- Republicans hold hearings they view as opposing sharia law.
- Muslim groups say such hearings turn Muslims into outsiders.
- Democrats believe these hearings are a diversion used by Republicans.
WASHINGTON: American Muslim groups say congressional hearings, touted by Republican lawmakers as aimed at freeing the United States from Sharia law, are being used as a weapon against Muslim minorities in the United States by stoking fear against them.
Republicans, who hold majorities in both houses of Congress, titled a hearing Wednesday by a House Judiciary subcommittee as “An America Without Sharia Law: Why Political Islam and Sharia Law Are Incompatible with the U.S. Constitution.” A similar hearing also took place in February.
“The radicals who advocate political Islam do not want to coexist with the American culture and political order. They want to replace it,” Republican US Representative Chip Roy said at the hearing.
Critics have said such hearings ridicule Muslims, revive clichés and conspiracy theories against them, and are unnecessary because U.S. laws prevail on American soil.
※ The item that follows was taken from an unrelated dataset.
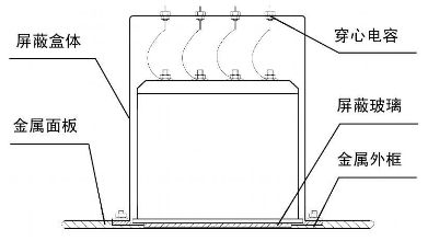 合理布置設(shè)備內(nèi)各單元及元器件的位置,可以做到既經(jīng)濟(jì)又實(shí)用地減小干擾程度。首先必須明確干擾源和受感器,在本設(shè)備中干擾源是控制保護(hù)器,敏感設(shè)備是數(shù)字電流表和電壓表,為了避免二者緊鄰,把它們分別放置于機(jī)箱的后部和前部,用空間距離減弱彼此的電磁干擾。為了達(dá)到更有效的屏蔽效果,又在電流、電壓表的表體外圍罩有屏蔽盒,表頭緊貼前面板的屏蔽玻璃,玻璃的絲網(wǎng)毛邊通過(guò)螺裝金屬外框?qū)⑺蜋C(jī)箱、屏蔽盒聯(lián)成一體,從而使表體完全處于電氣連續(xù)的金屬罩中( 如圖1 所示) ,而電流、電壓表引線則由裝在屏蔽盒上的穿心電容引入,這樣使引線所感應(yīng)的干擾信號(hào)被旁路接地。同樣控制保護(hù)器也用屏蔽盒對(duì)其進(jìn)行了屏蔽,進(jìn)一步減小了它對(duì)外的輻射能量,從而獲得較好的屏蔽效果。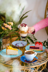 Jeżeli nie robimy sesji stylizowanej na naszych tłach – warto zamiast nich pokazać na zdjęciu wnętrze lokalu, żeby szybko móc zorientować się, gdzie fotografie zostały zrobione. Nie bójmy się poprosić obsługi lokalu o zaparzenie filiżanki kawy czy nalanie napoju w celu stworzenia tła do zdjęć – to właśnie takie drobne elementy robią klimat całej sesji.

There is no evidence that any dominant American Muslim group has advocated the imposition of Sharia law in the United States.
The American Council of Muslim Organizations, which represents more than 50 Muslim groups, condemned what it called the “militarization of government against American Muslims” and said the hearings had engaged in “the politics of fear.”
“The anti-Sharia hearings are not about protecting the Constitution. They are about demonizing Islam and portraying Muslim Americans as perpetual foreigners,” said Zainab Chaudry, director of the American Council on Islamic Relations in Maryland.
Democratic U.S. Rep. Jamie Raskin, ranking member of the House Judiciary Committee, said the hearings were a distraction and attacked religious freedom.
Human rights advocates in the United States have noted a rise in Islamophobia over the years, attributing it to the attacks of September 11, 2001; and more recently to anti-immigration policies, white supremacy and the fallout from the Israeli war in Gaza.
CAIR says it recorded 8,683 anti-Muslim and anti-Arab complaints in the United States in 2025, the highest figure since it began publishing data in 1996.
An April study by the think tank Center for the Study of Organized Hate indicates that anti-Muslim bigotry from Republican elected officials has increased since early 2025, citing more than $1,100 in online posts from Republican members of Congress and governors.
Republican governors in Florida and Texas have called CAIR, which has opposed Republican President Donald Trump’s immigration crackdown and pro-Palestinian protests, a “terrorist” group. CAIR and other civil rights groups denounced the allegations.